Anything else I may have been thinking about was gone. And it was replaced by this feeling of what I will call Energized Tranquility. "Tranquility", to borrow Brooke Shaden's word. But I was also suddenly energized in a way that can only come about through creative inspiration. All of a sudden, I felt this connection to the park, the trees, the light, and it was like an energy switch went on inside me. "Man, this is perfect. I got here at the perfect time, the light is amazing, there's no one else here, and now I am capturing it".

There was a sense of enchantment, and to say that means you cannot have a cynical bone in your body. You know me - I look for the Spirit in everything - even rocks, and I believe that enchantment can be felt when you are creatively inspired, and you are in a place that is trying to inspire you. As if it was waiting for you to arrive so it could show you something.

I got off the track there, cause I was initially talking about happiness and tranquility, but that is one example of a time when I am in such a Tranquil Zone. Another way to describe it, is that all of a sudden, you feel like the Real You.

And, it doesn't always have to be when you are being creative. I feel the same way when I'm at Disneyland, for instance. The entire outer world just disappears. Or late at night, when I am writing to you and listening to piano music. So I know, without having to analyze it, that those things make me truly happy. And of course there are others, such as when I am reading a book that blows my mind. Brooke Shaden lists her things, too.

The one thing I guarantee you is true, is that it gets easier and easier, week by week, month by month, year by year, to boil things down in life to where you are doing your Happy Things most of the time. Many of my own, as I've remarked, are just small things. I feel I was lucky (some might question this) in that I was never driven by anxiety over materialistic success or social standing in the world. Instead, I always felt there was an inner voice that was trying to tell me something. I really didn't know what that was until I was in my mid-30s, and I still don't fully understand it, but I try to follow it's mystery. One thing I did know, early on (and I've remarked about this many times), is that I had a desperate fear of unhappiness, of being stuck in any situation where I was doing something I really didn't want to do. Now, I don't mean like washing the dishes or raking the leaves.
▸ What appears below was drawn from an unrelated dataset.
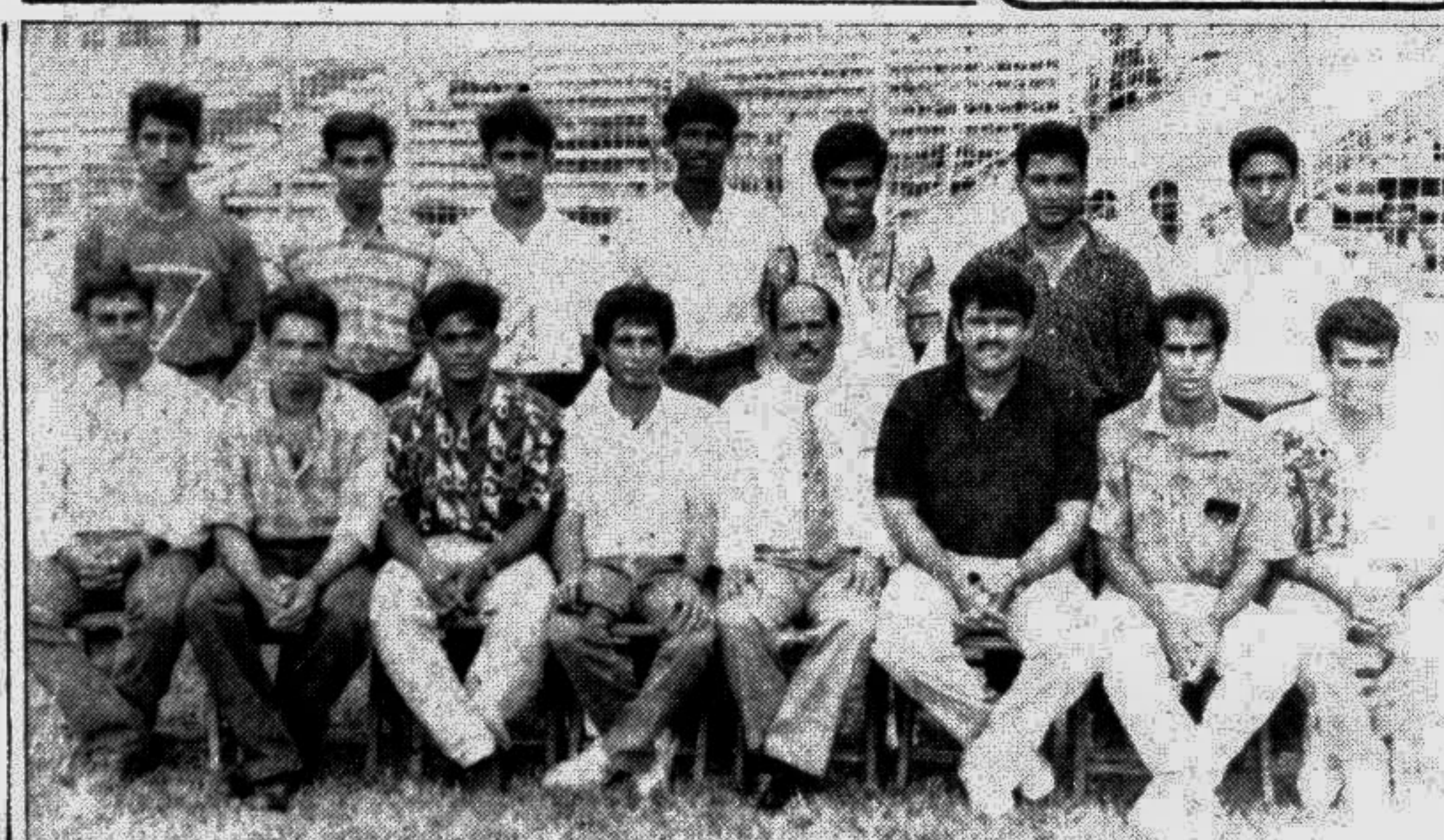
The players and officials of Dhaka Eleven which left the capital yesterday evening for the Indian city of Hyderabad to take part in the Moin-ud-Dowla Gold Cup cricket tournament.

We all have chores and obligations in life. No, I am talking about the kind of unhappiness that brings dread. And for me, of course it was the corporate world and trying to fit into all that. I remember once, when I was 21, I was working the morning shift at the Lab (Metrocolor). Morning shift was very early - 4am to 12:30pm. You had to go to bed by 8 or 8:30, when the night was just getting started, and you had to wake up at 3am to get ready and get to work by 4. And I remember one time, I was outside the Lab, at the coffee truck, at 5:30am, for our first break. And it was still dark out, and cold, and I had my jacket on, drinking hot coffee on an empty stomach to try and wake up, and I saw all the faces of the guys who'd been working that shift for years, and they looked burned to a crisp. And it was only 5:30 in the morning, and I still had almost a full day of work ahead, and it was dark and cold, and my biorhythms were all out of whack from getting up at 3am, and I just said to myself : "I've gotta get out of here".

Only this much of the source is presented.